Provided material section start
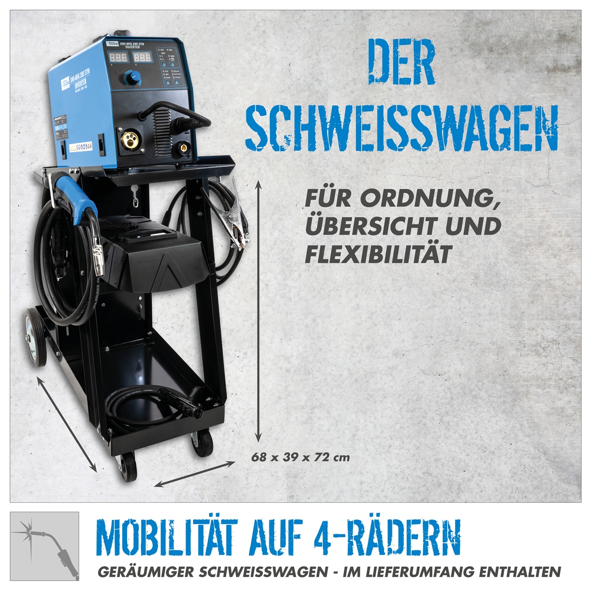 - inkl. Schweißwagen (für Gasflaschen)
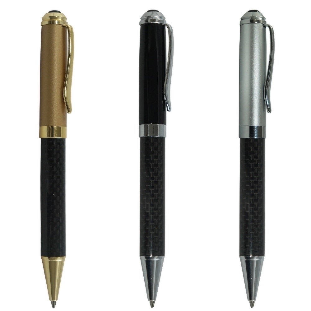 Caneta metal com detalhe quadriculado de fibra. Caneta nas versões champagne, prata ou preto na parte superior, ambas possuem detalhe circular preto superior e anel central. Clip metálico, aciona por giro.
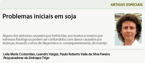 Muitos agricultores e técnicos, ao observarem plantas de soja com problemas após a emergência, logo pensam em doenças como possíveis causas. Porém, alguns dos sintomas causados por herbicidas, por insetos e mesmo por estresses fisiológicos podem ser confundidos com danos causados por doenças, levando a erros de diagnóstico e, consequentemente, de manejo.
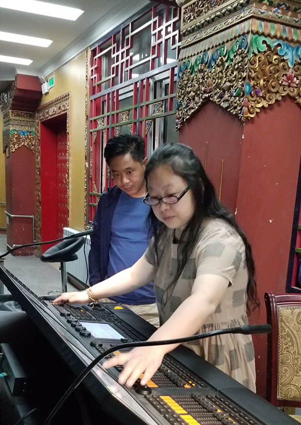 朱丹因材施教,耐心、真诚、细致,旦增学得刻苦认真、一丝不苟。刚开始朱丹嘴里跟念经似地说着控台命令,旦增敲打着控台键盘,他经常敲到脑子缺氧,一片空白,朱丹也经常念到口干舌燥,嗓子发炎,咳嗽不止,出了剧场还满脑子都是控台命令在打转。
Provided material section end
Provided material section start
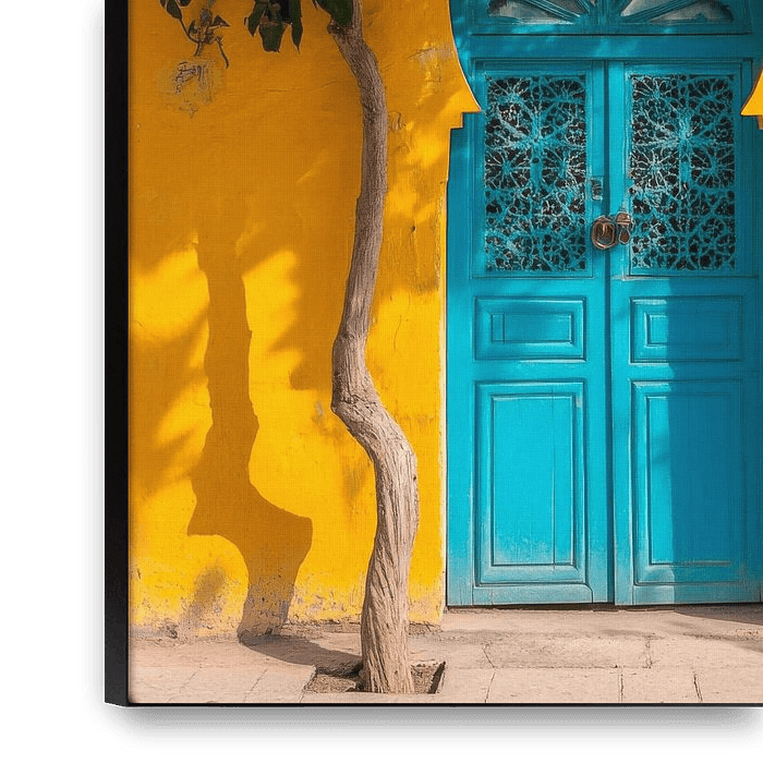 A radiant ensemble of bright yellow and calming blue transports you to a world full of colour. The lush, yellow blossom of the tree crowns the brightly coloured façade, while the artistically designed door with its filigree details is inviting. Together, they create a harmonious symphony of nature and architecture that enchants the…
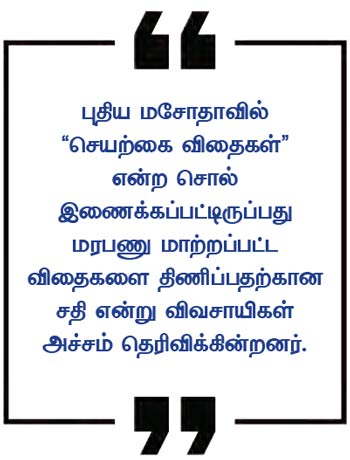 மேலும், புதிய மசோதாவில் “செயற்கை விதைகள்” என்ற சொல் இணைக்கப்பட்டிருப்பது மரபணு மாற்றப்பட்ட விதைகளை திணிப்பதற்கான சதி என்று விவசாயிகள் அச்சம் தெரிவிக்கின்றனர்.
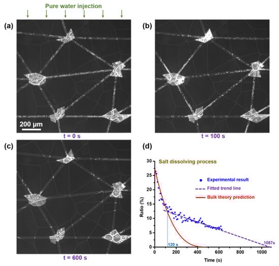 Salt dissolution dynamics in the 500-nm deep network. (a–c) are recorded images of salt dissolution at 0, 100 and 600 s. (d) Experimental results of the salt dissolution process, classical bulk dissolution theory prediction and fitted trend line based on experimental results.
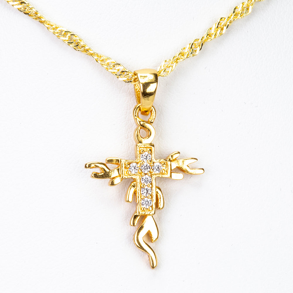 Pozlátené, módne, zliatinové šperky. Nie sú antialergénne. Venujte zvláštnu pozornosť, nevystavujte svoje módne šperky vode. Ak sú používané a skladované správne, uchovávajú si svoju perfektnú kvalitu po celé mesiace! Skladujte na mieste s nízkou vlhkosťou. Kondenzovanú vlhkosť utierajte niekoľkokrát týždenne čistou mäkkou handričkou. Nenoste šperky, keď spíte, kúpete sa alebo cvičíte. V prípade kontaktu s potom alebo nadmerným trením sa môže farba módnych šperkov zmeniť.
Provided material section end
Work required
Go back to the listing above and reproduce, exactly, the stretch from the line bearing "மேலும், புதிய மசோதாவில்" through the line bearing "Salt dissolution dynamics", without its pictures.

Task response
 மேலும், புதிய மசோதாவில் “செயற்கை விதைகள்” என்ற சொல் இணைக்கப்பட்டிருப்பது மரபணு மாற்றப்பட்ட விதைகளை திணிப்பதற்கான சதி என்று விவசாயிகள் அச்சம் தெரிவிக்கின்றனர்.
 Salt dissolution dynamics in the 500-nm deep network. (a–c) are recorded images of salt dissolution at 0, 100 and 600 s. (d) Experimental results of the salt dissolution process, classical bulk dissolution theory prediction and fitted trend line based on experimental results.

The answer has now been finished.